Task prompt | Using only the entries below, copy exactly the lines that begin at the one with "Add a splash" and end at the one with "エレコム ELECOM スマホストラップ", both included. Drop the pictures.

Data to process |
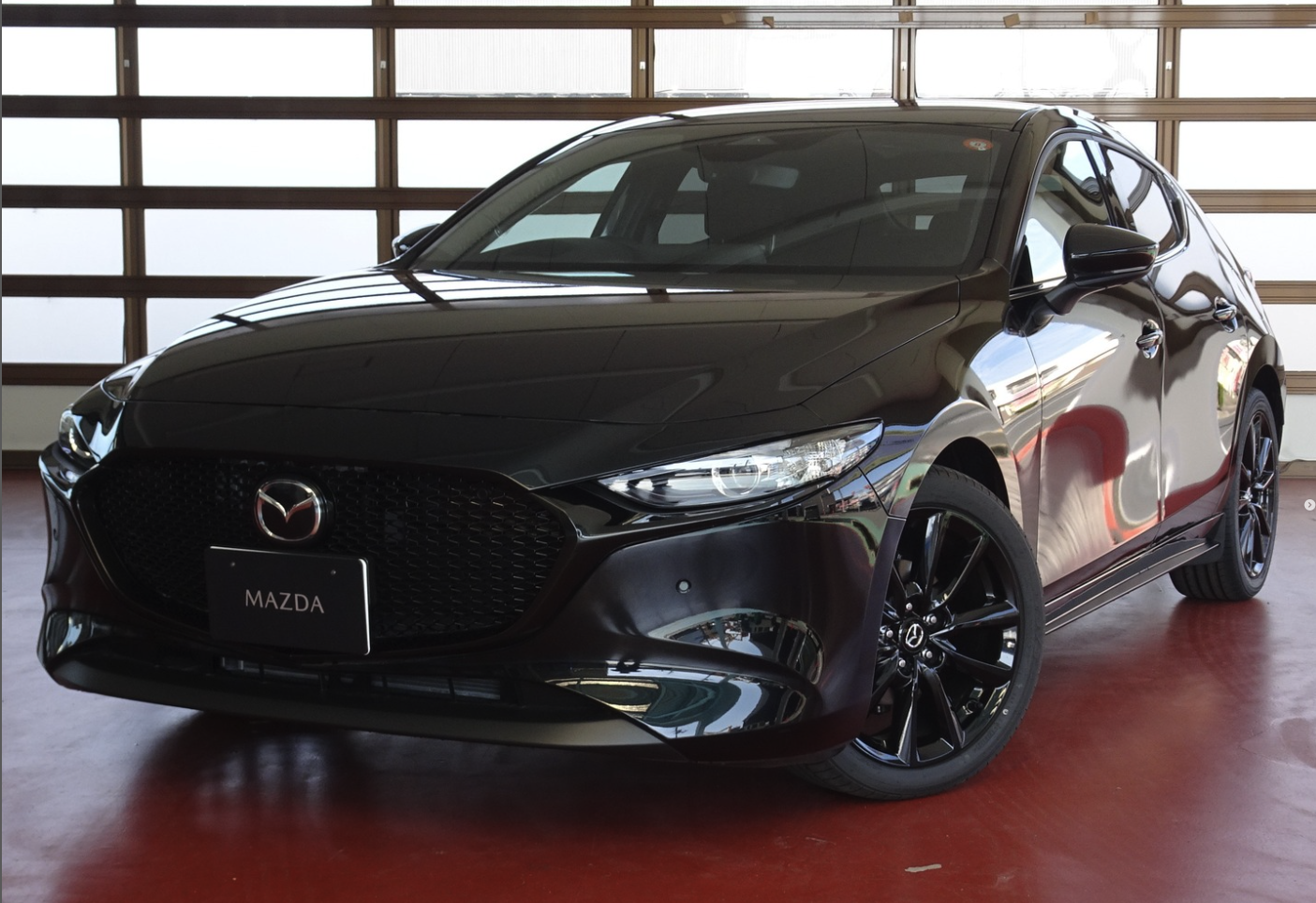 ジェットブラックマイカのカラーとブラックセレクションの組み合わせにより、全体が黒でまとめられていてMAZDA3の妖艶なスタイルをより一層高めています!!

--

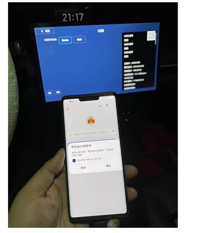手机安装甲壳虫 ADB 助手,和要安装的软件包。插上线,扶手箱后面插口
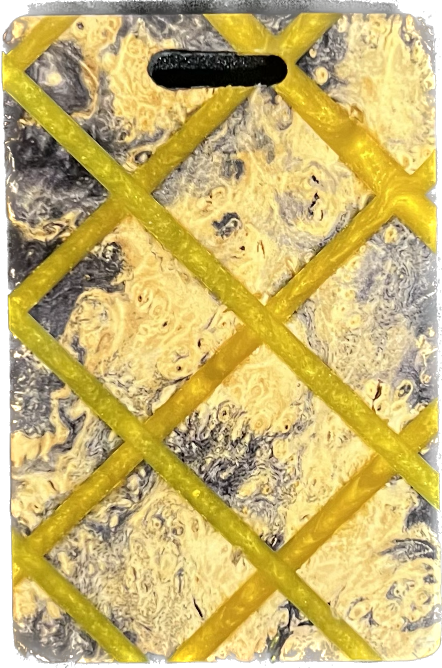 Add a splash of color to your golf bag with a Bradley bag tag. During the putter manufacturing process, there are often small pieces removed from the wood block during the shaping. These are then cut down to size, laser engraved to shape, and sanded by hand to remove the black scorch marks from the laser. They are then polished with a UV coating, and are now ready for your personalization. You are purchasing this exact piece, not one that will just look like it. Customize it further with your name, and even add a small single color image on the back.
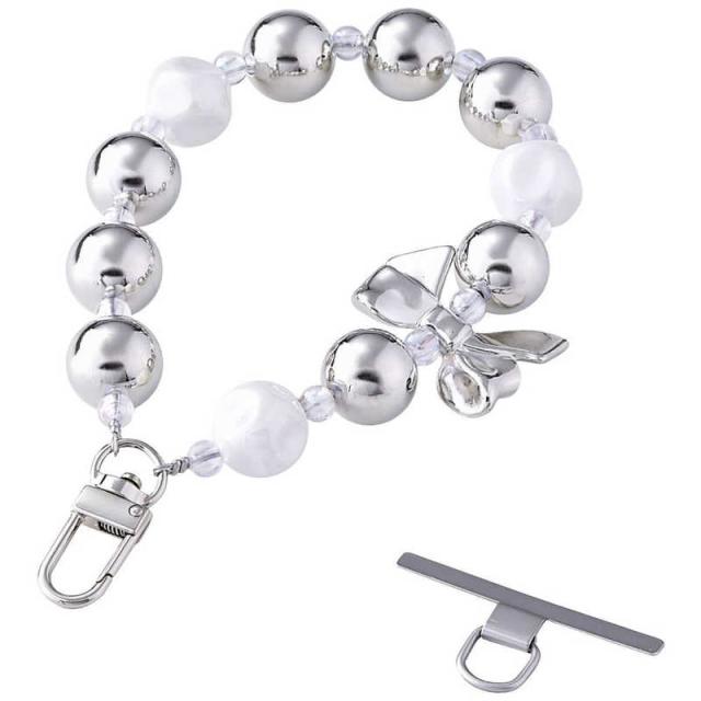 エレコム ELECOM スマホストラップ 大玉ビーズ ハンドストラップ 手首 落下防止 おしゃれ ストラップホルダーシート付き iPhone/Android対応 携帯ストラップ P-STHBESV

==

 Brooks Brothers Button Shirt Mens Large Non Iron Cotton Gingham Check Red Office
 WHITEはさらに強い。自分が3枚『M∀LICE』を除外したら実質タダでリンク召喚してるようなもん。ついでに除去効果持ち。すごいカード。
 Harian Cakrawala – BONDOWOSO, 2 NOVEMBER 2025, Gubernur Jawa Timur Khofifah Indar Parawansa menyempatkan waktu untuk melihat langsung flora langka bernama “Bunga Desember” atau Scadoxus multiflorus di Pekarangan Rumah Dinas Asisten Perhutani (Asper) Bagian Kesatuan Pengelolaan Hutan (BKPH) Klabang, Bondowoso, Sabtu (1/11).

Finished task |
 Add a splash of color to your golf bag with a Bradley bag tag. During the putter manufacturing process, there are often small pieces removed from the wood block during the shaping. These are then cut down to size, laser engraved to shape, and sanded by hand to remove the black scorch marks from the laser. They are then polished with a UV coating, and are now ready for your personalization. You are purchasing this exact piece, not one that will just look like it. Customize it further with your name, and even add a small single color image on the back.
 エレコム ELECOM スマホストラップ 大玉ビーズ ハンドストラップ 手首 落下防止 おしゃれ ストラップホルダーシート付き iPhone/Android対応 携帯ストラップ P-STHBESV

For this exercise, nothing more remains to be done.